IRS Surveillance

Big Brother IS Watching

Written by Brittany Stepniak
Posted May 20, 2013

According to a recently released special report by an IRS watch group, the agency has been targeting conservative groups.

Some of the tactics involved having the IRS create a list for the types of organizations to single out for closer scrutiny. Examples that appeared on this list were political sounding names like Tea Party, 9/12, and Patriots.

The Ohio office chief of the IRS's Exempt Organizations Division, Lois Lerner, actually not only admitted this occurred but also that it was politically motivated. Additionally, there is much speculation that the practice extended well beyond the Ohio office.

In fact, this list was active for a two-year period, during which time the IRS approved around a dozen applications for liberal and progressive groups. There was even an application for a charity run by President Obama's half brother. It was approved within a month.

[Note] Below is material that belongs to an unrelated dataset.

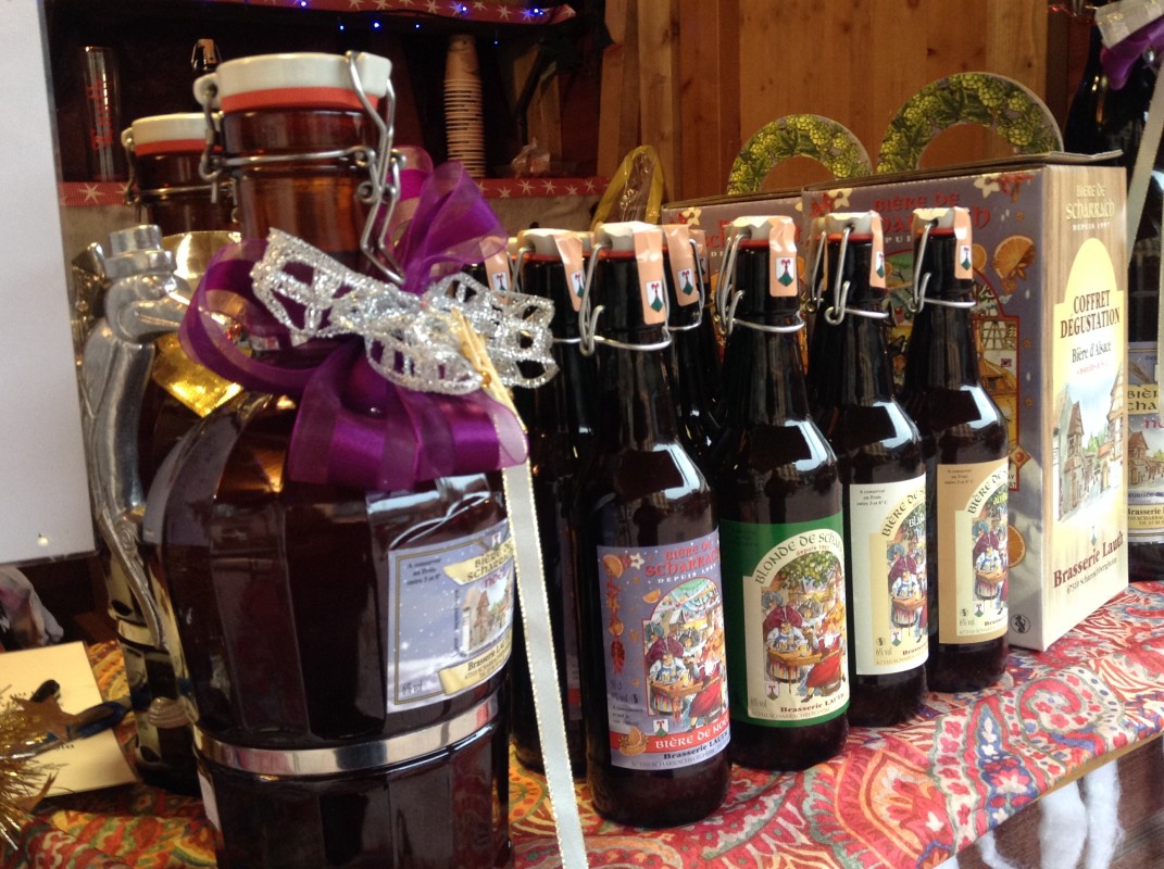 Sur le marché, on trinquera à coup de vin chaud, mais aussi de Bière ( chaude) de Scharrach ( la froide est pas mal non plus).

Spillover Into More Unwarranted Audits & Surveillance

The IRS has recently expanded its watch into monitoring things like social media. It is looking for discussions that occur in cyberspace, especially on sites like Facebook, Twitter, and other social media.

One theory is that they have software which monitors these discussions based on keywords; anything using words such as taxes, cheating, underpayment, etc. will be flagged and then sent to an actual agent for physical review.

There is also speculation that the agency may even be watching online e-commerce sites like eBay and Amazon, as CNBC notes. If you are selling online (especially at any of the big retail channels), the IRS is capable of matching up your sale prices with income reported on tax returns. Discrepancies can bring unwanted attention. 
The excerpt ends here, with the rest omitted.